- Supplied information -
::::::

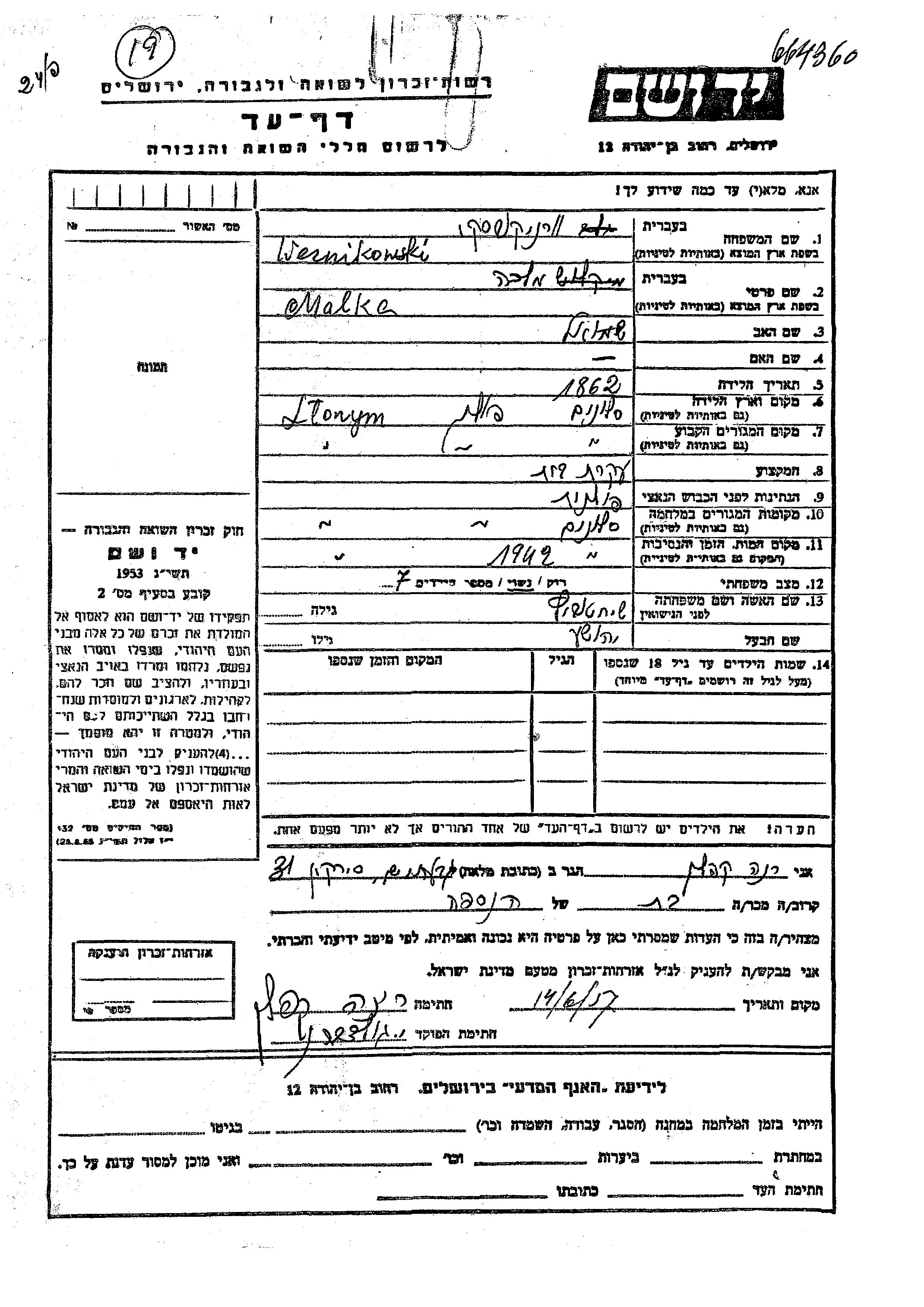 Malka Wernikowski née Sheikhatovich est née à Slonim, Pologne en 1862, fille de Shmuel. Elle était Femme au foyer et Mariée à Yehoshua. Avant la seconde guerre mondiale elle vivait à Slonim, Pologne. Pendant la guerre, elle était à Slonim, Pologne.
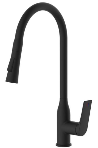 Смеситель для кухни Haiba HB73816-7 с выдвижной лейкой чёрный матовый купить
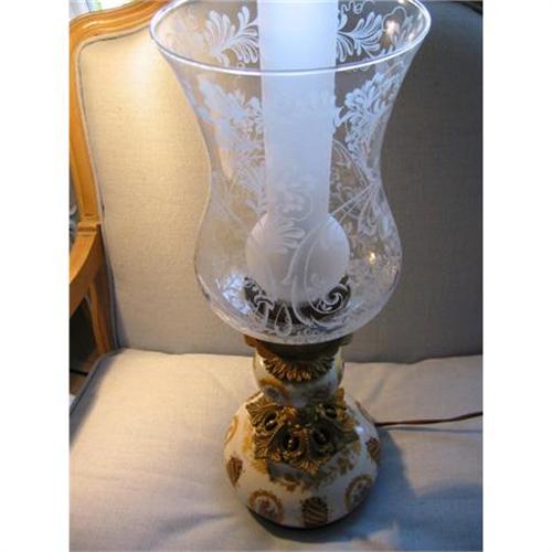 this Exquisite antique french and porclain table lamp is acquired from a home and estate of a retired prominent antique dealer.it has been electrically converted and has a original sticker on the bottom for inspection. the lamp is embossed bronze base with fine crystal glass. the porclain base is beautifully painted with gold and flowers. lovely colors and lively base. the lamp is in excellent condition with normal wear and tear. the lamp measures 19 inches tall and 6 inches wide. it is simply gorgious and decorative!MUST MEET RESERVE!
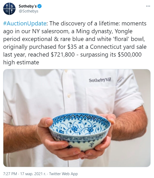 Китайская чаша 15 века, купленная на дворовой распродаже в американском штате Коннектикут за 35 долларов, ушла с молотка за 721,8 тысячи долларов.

::::::

- Problem statement -
Your answer must reproduce exactly the lines from the line with "Смеситель для кухни" through the end of the material, both ends included, with every picture dropped.

- Result of the exercise -
 Смеситель для кухни Haiba HB73816-7 с выдвижной лейкой чёрный матовый купить
 this Exquisite antique french and porclain table lamp is acquired from a home and estate of a retired prominent antique dealer.it has been electrically converted and has a original sticker on the bottom for inspection. the lamp is embossed bronze base with fine crystal glass. the porclain base is beautifully painted with gold and flowers. lovely colors and lively base. the lamp is in excellent condition with normal wear and tear. the lamp measures 19 inches tall and 6 inches wide. it is simply gorgious and decorative!MUST MEET RESERVE!
 Китайская чаша 15 века, купленная на дворовой распродаже в американском штате Коннектикут за 35 долларов, ушла с молотка за 721,8 тысячи долларов.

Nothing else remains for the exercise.